*Raw data:*
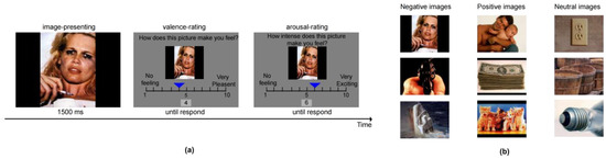Affect Rating Task (ART). (a) Task procedure. Participants viewed each image for 1500 ms and then completed two untimed ratings using the “left” and “right” keys to move the indicator and assess valence and arousal, and the next image appeared only after both ratings were finished. (b) Examples of images used in the ART. The first column shows negative images, the second shows positive images, and the third shows neutral images.
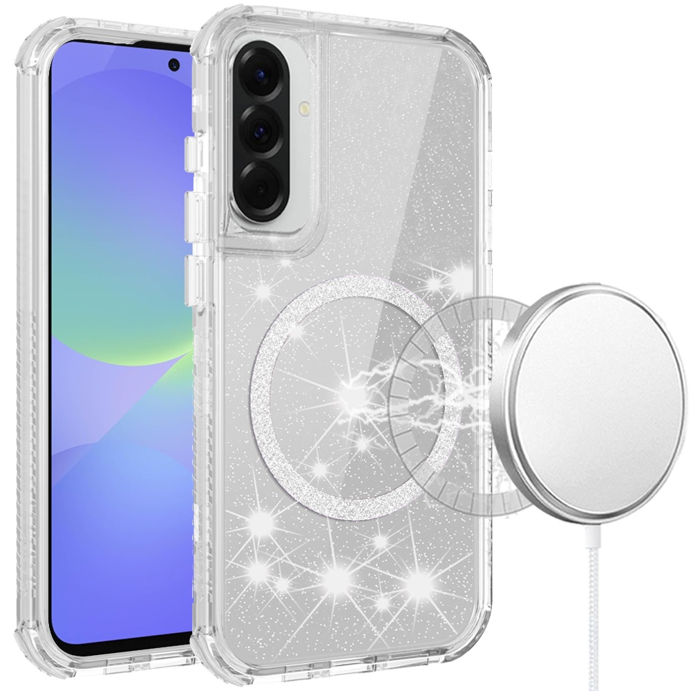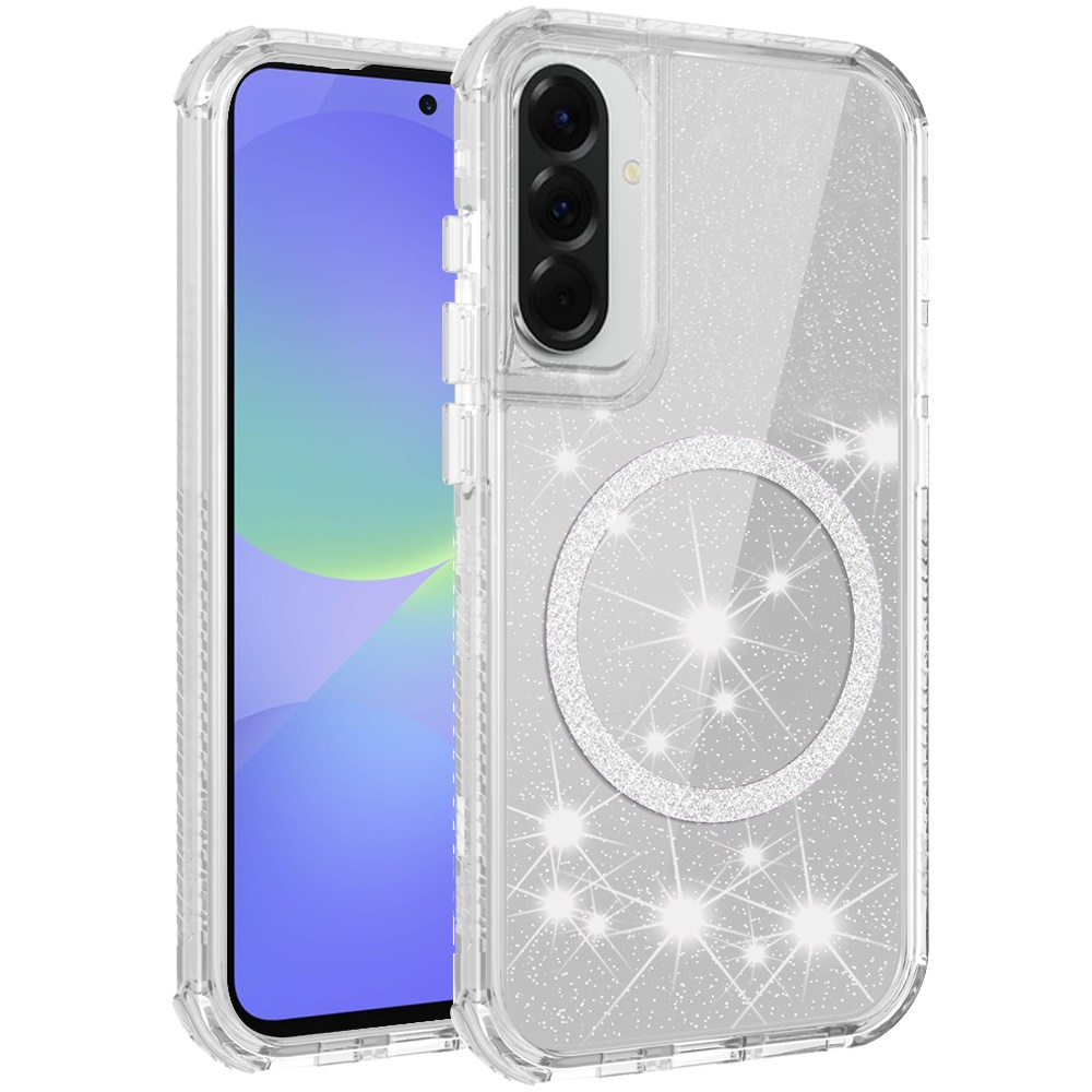 For Samsung Galaxy A37 Magnetic Ring Glitter 3in1 Hybrid Case Cover - Clear
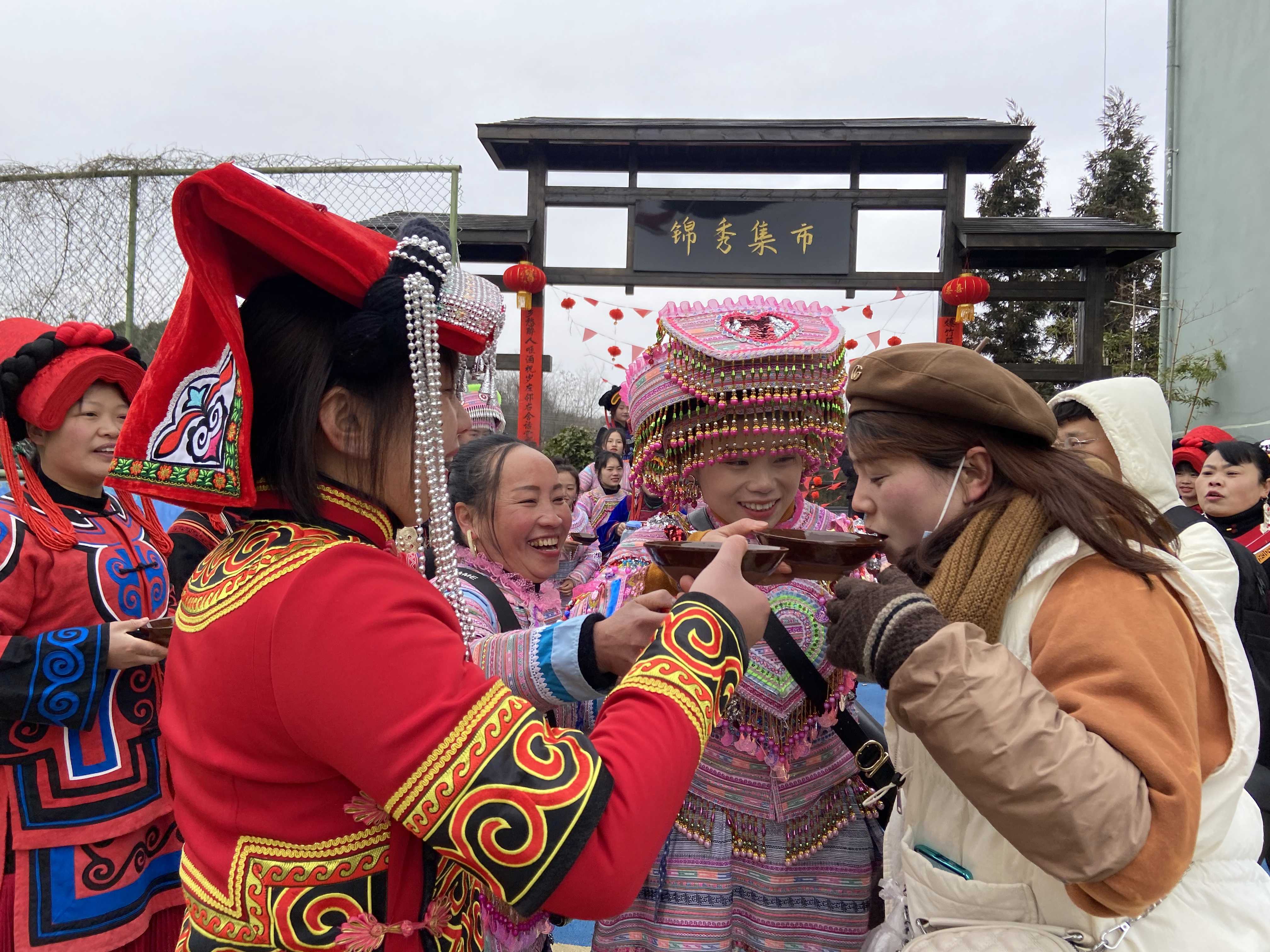 毕节市百里杜鹃管理区普底乡颖川村锦秀集市张灯结彩,举行猜灯谜、打糍粑、文艺演出等形式多样的新春活动,到处洋溢着欢乐。图为彝族儿女对前来参加迎春活动的游客及村民敬“拦路酒”。(毕节市百里杜鹃管理区纪检监察工委 胡婷 摄 )

*Activity:* The lines above should be transcribed exactly, with every image removed.

*Solution for this task:*
Affect Rating Task (ART). (a) Task procedure. Participants viewed each image for 1500 ms and then completed two untimed ratings using the “left” and “right” keys to move the indicator and assess valence and arousal, and the next image appeared only after both ratings were finished. (b) Examples of images used in the ART. The first column shows negative images, the second shows positive images, and the third shows neutral images.
 For Samsung Galaxy A37 Magnetic Ring Glitter 3in1 Hybrid Case Cover - Clear
 毕节市百里杜鹃管理区普底乡颖川村锦秀集市张灯结彩,举行猜灯谜、打糍粑、文艺演出等形式多样的新春活动,到处洋溢着欢乐。图为彝族儿女对前来参加迎春活动的游客及村民敬“拦路酒”。(毕节市百里杜鹃管理区纪检监察工委 胡婷 摄 )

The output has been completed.